This assistance also extended to Hungarian nationals. Two days after Vogeler's arrest, U.S. Minister Davis informed Secretary of State Dean Acheson that “we have some indications Vogeler was seeking information for another agency and may be involved in attempt [to help] Hungarian family escape country.”93 During this same period (from February 1949 to January 1951), the Pond was receiving regular reports from an agent known only as “M Anthony” regarding Soviet troop locations and movements in Hungary, the location of radio relay stations, the location of Hungarian military units and installations, the actions of Communist-inspired “partisan associations,” maps of airfields in Hungary, and other kinds of intelligence provided by “usually reliable” Hungarian sources, including Hungarian military officers.94

A few months later, Davis again expressed doubts about Vogeler's innocence, questioning whether any official U.S. agency was implicated in the Vogeler case “beyond what we presently know.”95 Davis recalled his earlier fears that the Hungarians “may really have something on Vogeler.”96 Davis knew that Vogeler had “some connection with intelligence activities during the war” and that he had some “rather unconventional” contacts in Vienna.97 Davis points out that intelligence officers in Vienna were displaying considerable interest in his case.

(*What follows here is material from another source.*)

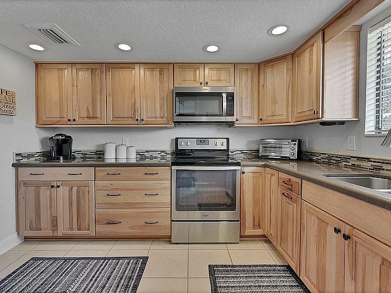 Charming 3/2, brand new kitchen, newer bathrooms, 2 car garage! Great room is vaulted and oversized w/ easy low maintenance wood tile floors and a beautiful stone fireplace to create a quaint and warm ambiance! Gorgeous kitchen features hickory cabinets w/ dovetail joints & soft-close doors/drawers, pull out trash, deep drawers for pots & pans, and updated appliances! Completely updated hall bath with white vanity, quartz countertops, new tub, tile and toilet! Master suite has private door to backyard and features 2 walk-in closets, walk-in shower, & updated bath w/ new vanity, quartz countertops, toilet, & fixtures. Newer carpet in all bedrooms! Screened in porch overlooks huge fully fenced backyard w/ shed. Walking distance to Mayo and short drive to the beach. Will allow pets with pet deposit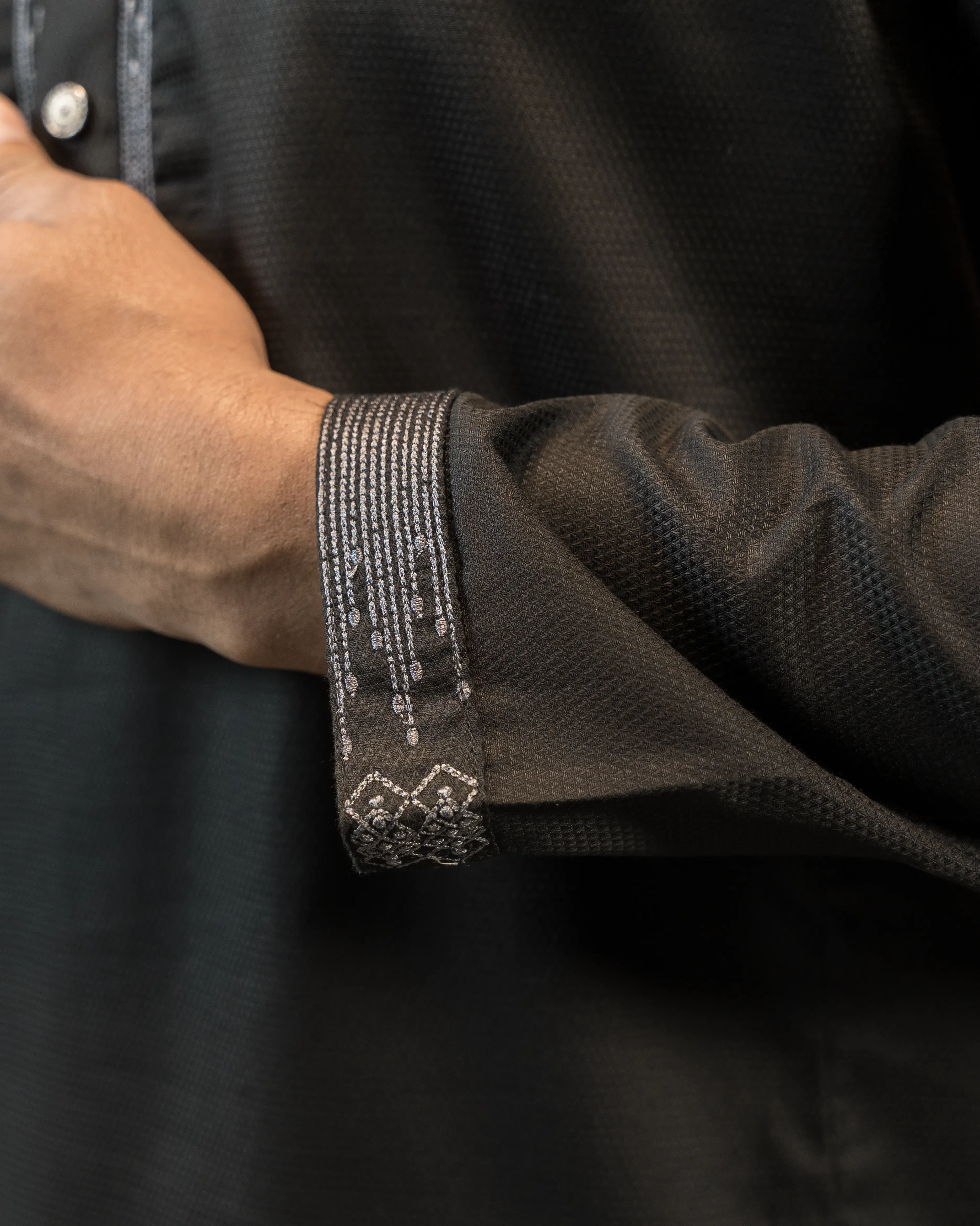Barton Men’s Black Panjabi – Indian Fancy Cotton Fabric with Embroidered Placket

He believed Vogeler to be both competent professionally and in a position to do “a little snooping: which may be of considerable interest” to the U.S. military.98 Having received flat assurances that Vogeler was not acting for any U.S. agency, Davis wrote,

I went to bat on that basis. … However, the suspicion in my mind has never completely been allayed. I have the feeling that my own attachés are not completely frank with me and it follows that certain people in Washington and Vienna may not have been completely frank.99

These dormant suspicions were reawakened by Rakósi's evident confidence that “he has the goods on Vogeler which even I will recognize.” Davis continued,

If these suspicions prove correct, and they show that he was acting from some of our people (perhaps on a voluntary basis or only freewheeling) after our insistence that he was not, it is going to be acutely embarrassing for us. I am frankly worried about it.100

Wallinger, the British envoy to Hungary, noted, “I have long taken the view that the American requests for the release of Vogeler were misguided and it seems to me that this Hungarian Note [regarding the case] takes considerable advantage of the polemical opportunities which this American action has provided.”101 As an example, Wallinger cited an article in the MDP's main newspaper, Szabad nép, concerning the “apparent eagerness” of the United States to get Vogeler out and to prevent a trial. According to the article, the U.S. anxiety justified the conclusion Hungarian authorities had drawn that Vogeler must be an important man. “Can it be surprising if we are of the opinion that we have made a good catch?”102 Thus, paradoxically, U.S. and British efforts to secure the release of Vogeler and Sanders reinforced the Hungarians’ belief in their guilt.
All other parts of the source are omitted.